PROVIDED MATERIAL:
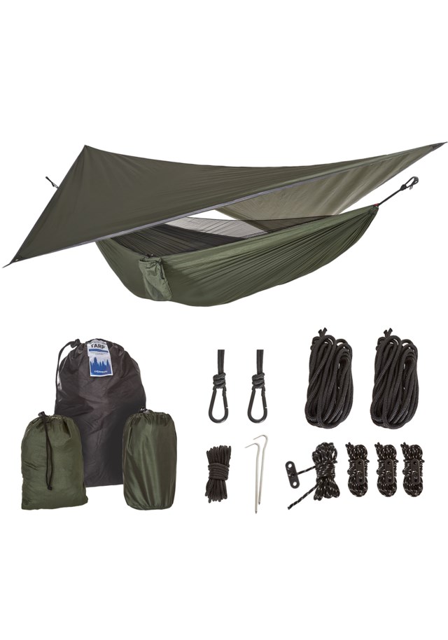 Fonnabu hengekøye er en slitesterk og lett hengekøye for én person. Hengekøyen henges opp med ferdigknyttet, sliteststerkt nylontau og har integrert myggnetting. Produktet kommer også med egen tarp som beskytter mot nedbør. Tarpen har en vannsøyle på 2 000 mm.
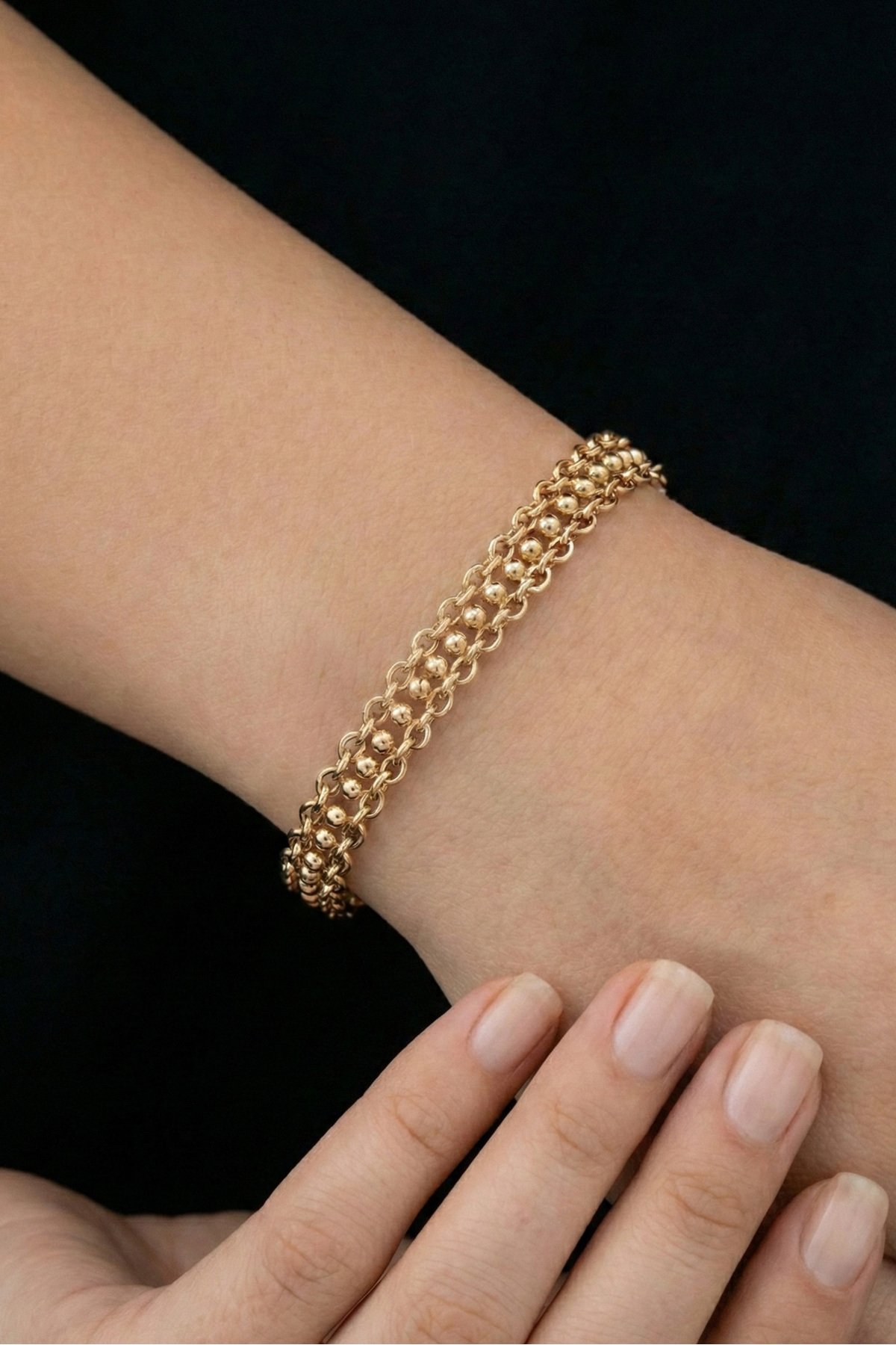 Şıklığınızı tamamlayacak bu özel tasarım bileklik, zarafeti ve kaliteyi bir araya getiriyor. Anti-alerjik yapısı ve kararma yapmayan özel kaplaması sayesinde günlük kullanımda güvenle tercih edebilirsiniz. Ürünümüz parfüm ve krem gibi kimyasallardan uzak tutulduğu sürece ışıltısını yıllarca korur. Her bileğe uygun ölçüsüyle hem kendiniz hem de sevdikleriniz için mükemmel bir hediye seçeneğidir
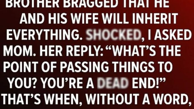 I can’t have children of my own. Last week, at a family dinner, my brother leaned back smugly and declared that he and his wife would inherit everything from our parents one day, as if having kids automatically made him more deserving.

REQUIRED WORK: Print the full listing above again with exact wording and no images.

SOLUTION TO THIS EXERCISE:
 Fonnabu hengekøye er en slitesterk og lett hengekøye for én person. Hengekøyen henges opp med ferdigknyttet, sliteststerkt nylontau og har integrert myggnetting. Produktet kommer også med egen tarp som beskytter mot nedbør. Tarpen har en vannsøyle på 2 000 mm.
 Şıklığınızı tamamlayacak bu özel tasarım bileklik, zarafeti ve kaliteyi bir araya getiriyor. Anti-alerjik yapısı ve kararma yapmayan özel kaplaması sayesinde günlük kullanımda güvenle tercih edebilirsiniz. Ürünümüz parfüm ve krem gibi kimyasallardan uzak tutulduğu sürece ışıltısını yıllarca korur. Her bileğe uygun ölçüsüyle hem kendiniz hem de sevdikleriniz için mükemmel bir hediye seçeneğidir
 I can’t have children of my own. Last week, at a family dinner, my brother leaned back smugly and declared that he and his wife would inherit everything from our parents one day, as if having kids automatically made him more deserving.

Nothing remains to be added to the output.